Two civilian aircraft took off from the Meilan Airport of Haikou, capital of Hainan Province and landed at the airfield on Yongshu Jiao in the Nansha Islands, also claimed by the Vietnam. The aircraft flew back to Haikou in the afternoon, state- run Xinhua news agency reported.

China had last Saturday for the first time landed a plane on the artificial island in the strategic South China Sea, inviting international condemnation and angry protests from Vietnam which accused Beijing of "serious infringement" of its sovereignty.

Chinese foreign ministry spokeswoman Hua Chunying said last week that China conducted a "test flight" to check whether the newly- built airfield facilities met the standards for civil aviation. Hua had dismissed the Vietnam's protests on the first test flight saying that the "relevant activity falls completely within China's sovereignty" dismissing Vietnam's protests. 

"China has indisputable sovereignty over the Nansha Islands and their adjacent waters. China will not accept the unfounded accusation from the Vietnamese side," she said, referring to the Spratly Islands by its Chinese name.

The strategic South China Sea is rich in natural resources and is also a major shipping lane for global trade. Over half of the world's commercial shipping passes through the Indo-Pacific waterways including one-third of the world's liquefied natural gas.

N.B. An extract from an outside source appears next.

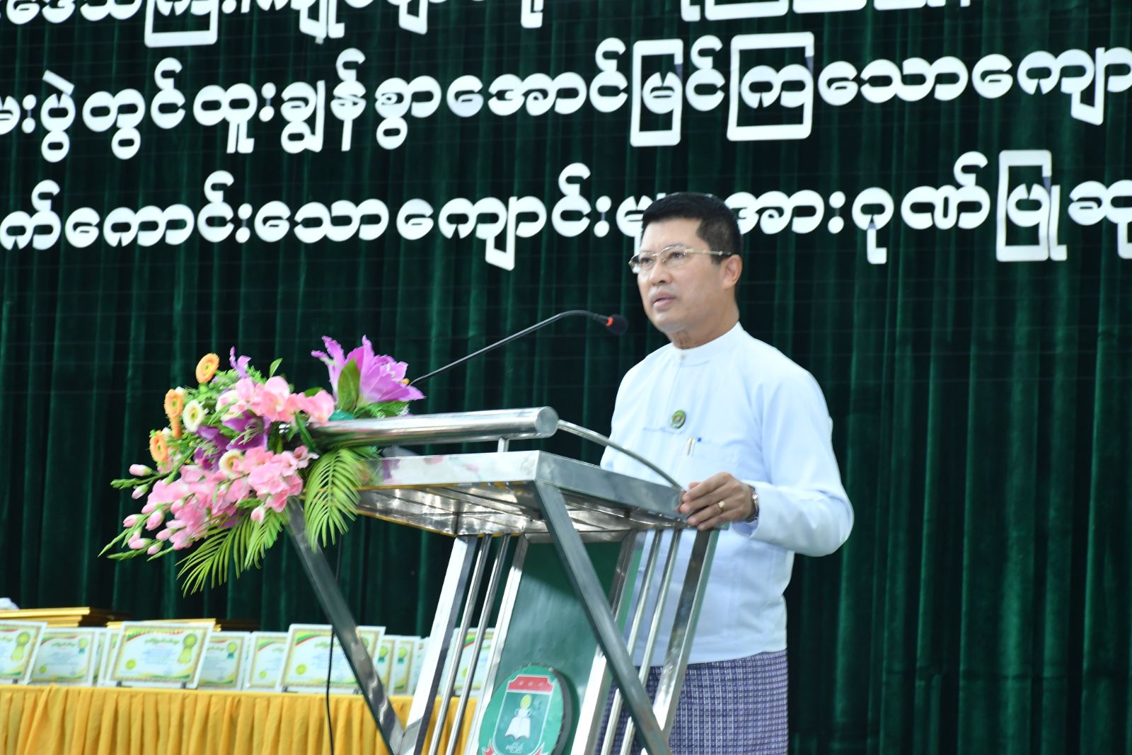 ဦးစွာ အခမ်းအနားကို အ.ထ.က-၁ ရေကြည်မှ ကျောင်းသား၊ကျောင်းသူများက "ဘက်စုံပညာကိုရည် တို့လှမ်းချီ”သီချင်းဖြင့် အခမ်းအနားကို သီဆိုဂုဏ်ပြုဖွင့်လှစ်ခဲ့ပြီးနောက် တိုင်းဒေသကြီးဝန်ကြီးချုပ်က“ ယနေ့ပြုလုပ်သည့် အခမ်းအနားသည် ၂၀၂၄- ၂၀၂၅ ပညာသင်နှစ် လူရည်ချွန်များနှင့် တက္ကသိုလ်ဝင်စာမေးပွဲတွင် ထူးချွန်စွာ အောင်မြင်ကြသော ကျောင်းသား၊ကျောင်သူများ၊ ဂုဏ်ထူးရရှိအောင် သင်ကြားပေးသော ဆရာ၊ဆရာမများ၊ အောင်ချက်အကောင်းဆုံး ကျောင်းများအား ဂုဏ်ပြုချီးမြှင့်ခြင်းဖြစ်ပါကြောင်း၊ ၂၀၂၅ခုနှစ်၊ တက္ကသိုလ်ဝင်စာမေးပွဲတွင် ရေကြည်မြို့နယ်၏ အောင်ချက်သည် အလယ်အလတ်အဆင့်တွင် ရှိပါကြောင်း၊ ယာယီနေရပ်စွန့်ခွာဒေသများမှ ကျောင်းနေအရွယ်ကလေးအားလုံး ရာနှုန်းပြည့်ကျောင်းတက်ရောက်စေရေးအတွက် ဆက်လက်အသိပေးဆောင်ရွက်သွားကြရန်နှင့် တိုင်းဒေသကြီးအစိုးရအဖွဲ့ကလည်း လိုအပ်သည်များကူညီပံ့ပိုးပေးသွားမည်ဖြစ်ပါကြောင်း၊ တိုင်းဒေသကြီးအတွင်း အခြေခံပညာကျောင်း၊ ဘုန်းတော်ကြီးသင်ပညာရေးကျောင်း၊ ကိုယ်ပိုင်အထက်တန်းကျောင်းများအပါအဝင် ကျောင်းပေါင်း၇ထောင်ကျော်ဖွင့်လှစ်လျက်ရှိပြီး ကျောင်းသား၊ ကျောင်းသူ ၁၁သိန်းကျော် တက်ရောက်ပညာသင်ကြားလျက်ရှိပါကြောင်း၊ Global Earth Agro Public Industry Co,.Ltd မှ ယခုနှစ် တက္ကသိုလ်ဝင်တန်းစာမေးပွဲတွင် ထူးချွန်စွာအောင်မြင်သော ထူးချွန်ကျောင်းသား၊ ကျောင်းသူ (၃၀၀) ဦးအား အဆင့်မြင့်ပညာများအား ဘွဲ့ရသည်အထိ ဆက်လက်သင်ကြားနိုင်ရေးအတွက်ဦးဋ္ဌေးမြင့်ပညာသင်ဆုကို ပေးအပ်သွားမည်ဖြစ်ပါကြောင်းနှင့် တိုင်းဒေသကြီး၏ ပညာရေးနှင့်ပတ်သက်၍ အားလုံးဝိုင်းဝန်းပံ့ပိုးပေးခြင်းဖြစ်ပါကြောင်း၊ ကျောင်းသား၊ကျောင်းသူများအနေဖြင့် လာမည့်တက္ကသိုလ်ဝင်စာမေးပွဲတွင် ဂုဏ်ထူးများပိုမိုရရှိအောင် နှစ်စမှပင်ကြိုးစားသွားကြစေလိုကြောင်းနှင့် တိုင်းဒေသကြီး၏ အောင်ချက်မြင့်မားရေးအတွက် လိုအပ်သည်များကို တာဝန်ရှိသူများကလည်း ပူးပေါင်းဆောင်ရွက်သွားကြစေလိုကြောင်း” အမှာစကားပြောကြားသည်။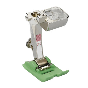 Der Zickzack-Nähfuss mit Gleitsohle Nr. 52C garantiert ein reibungsloses Gleiten über schwer zu bearbeitende Materialien wie Leder, Plastik oder Ähnliches.

China claims almost the whole of the South China Sea, resulting in overlapping claims with several other Asian nations like Vietnam and the Philippines, Malaysia and Brunei. They accuse China of illegally reclaiming land in contested areas to create artificial islands with facilities that could potentially be used for military purposes. The Vietnamese foreign ministry had said the airfield was built illegally on a part of the Spratly archipelago that lies within its territory.